Another aid that the Saudis have reportedly provided is a telephone service that allows a company to find out whether a firm with which it seeks to do business is on the Arab League blacklist. The information, according to a 1984 issue of Boycott Report, could be obtained through a call to the Commercial Section of the Saudi Embassy in Washington, with no questions asked, other than the name of the caller and of his or her company.

“In terms of U.S. law, there’s nothing that prevents the Saudis from saying what they want or from disseminating information,” Hordes said.

The Arab boycott of Israel includes a ban on dealing not only with countries that do business with the Jewish State, but with those that do business with those that do business with the Jewish State. Hence, the need to know who is on the blacklist maintained by the Central Boycott Office in Damascus.

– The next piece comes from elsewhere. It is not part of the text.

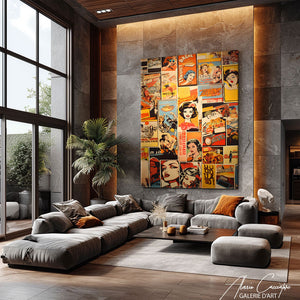 It is an intriguing fusion of contemporary design and urban art. The graphic elements, combined with a bold color palette, give this work an avant-garde look that is sure to catch everyone's eye.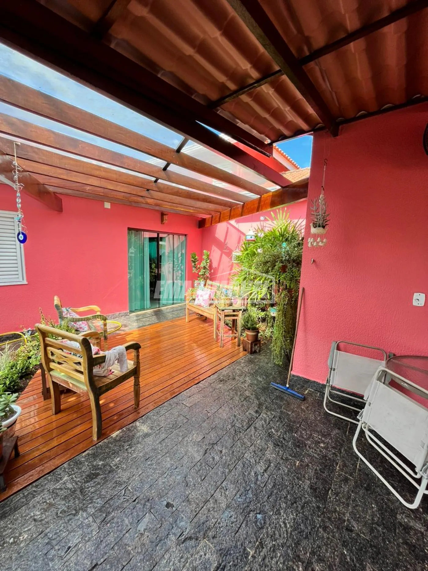 Deck de madeira e jardim;

The Bechtel memo obtained by Weisberg was drafted 10 years after the company was sued by the Justice Department for violating the Sherman Anti-Trust Act by complying with the requirements of the anti-Israel boycott. The suit, which preceded passage of the anti-boycott law, concluded with the company agreeing not to blacklist firms in order to abide by the Arab ban. But the reputation of Bechtel as a company set on protecting its interests in the Middle East brought apprehension to the Jewish community when Secretary of State George Shultz and Defense Secretary Caspar Weinberger were first nominated to their posts. Shultz had been the company’s president and Weinberger the head of its legal department.

Although Shultz has since established close ties with Israel and its political leadership, Bechtel and other large companies that have long shunned the Jewish State appear unlikely to follow suit in the commercial sphere. And the methods employed by these companies to avoid getting placed on the Arab League blacklist are unlikely to come under the scrutiny of the Commerce Department.

“They prioritize cases in terms of what they’re likely to do well with,” Hordes said. Nevertheless, he said the disclosure of the 1983 memo was constructive. “I’m glad (Weisberg) did the piece because it raised an issue that needed to be raised, even if in this case the law is unenforceable,” Hordes said.